Диана потупилась. Сказать ей было нечего.
А я продолжил:
— Для меня это точка невозврата. Я считал тебя человеком из ближнего круга, где только родители и ты. А теперь понимаю, что поспешил…
— Сергей! — перебила она. — Ты перегибаешь!
— Дослушай, ладно? Диан, я прожил достаточно, чтобы понимать одну простую вещь: близкие люди — это те, кто учитывает твои интересы, даже когда тебя нет рядом. Ты знала, что он меня ненавидит, и все равно пошла к нему в гости. Это твой выбор, я его принимаю.
Я помолчал, глядя на ее растерянное лицо.

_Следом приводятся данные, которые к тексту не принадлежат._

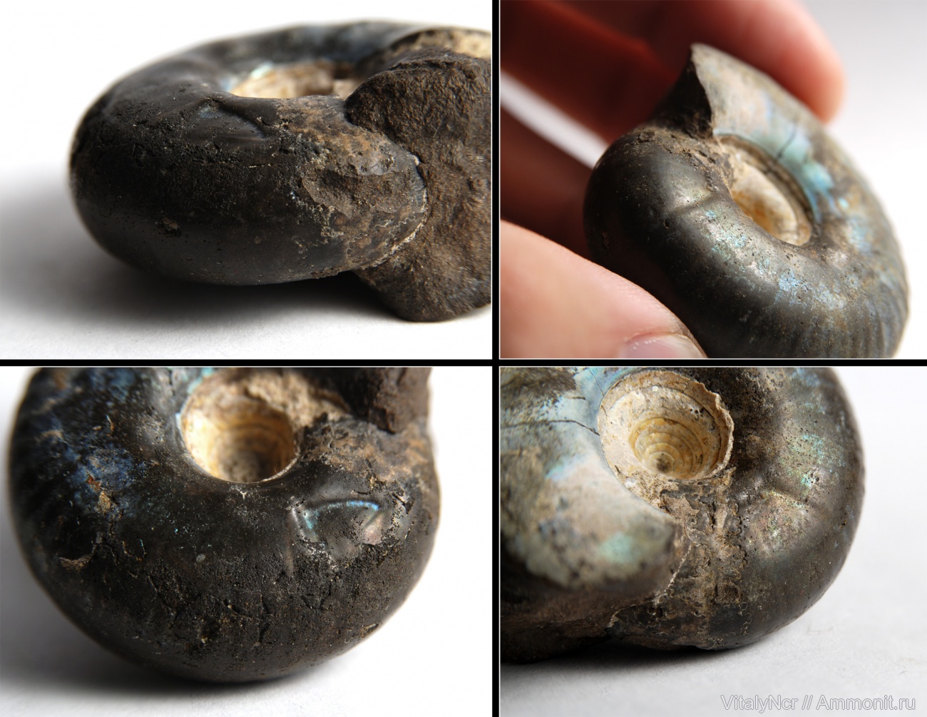 По-моему, там остатки перламутра видны в этих ямках (по крайней мере на левых фото - синенький цвет по краям). Выходит, что это отпечаток самой раковины, просто в этих местах были какие-то аномалии. Скорее всего это следы от заживленного укуса (а боковые укусы часто бывают на обеих сторонах как например тут), просто мантия не пострадала, поэтому и шрама дальше нет. Чаще конечно при восстановлении выломанной части раковины возникает выпуклость (отражающаяся на ядре), но иногда бывает и вогнутость. | ||||||

— Работать вместе мы, вероятно, еще будем, коллеги же. А вот в ближний круг я пускаю только тех, кому могу доверять полностью. Ничего личного, просто жизненный опыт. Общайся с кем хочешь, но не со мной.
С этими словами я развернулся и вышел из ее квартиры.
В спину донесся ее яростный крик:
— Сережа! Ну что за детский сад?
Это был не детский сад. Это был вопрос доверия, которого между нами больше не было.
И я ушел.
Надеюсь, навсегда.
Сердце болело, причем не столько от разрыва, сколько от осознания простой вещи: она искренне не понимала, что сделала не так. И в этом, пожалуй, была главная проблема.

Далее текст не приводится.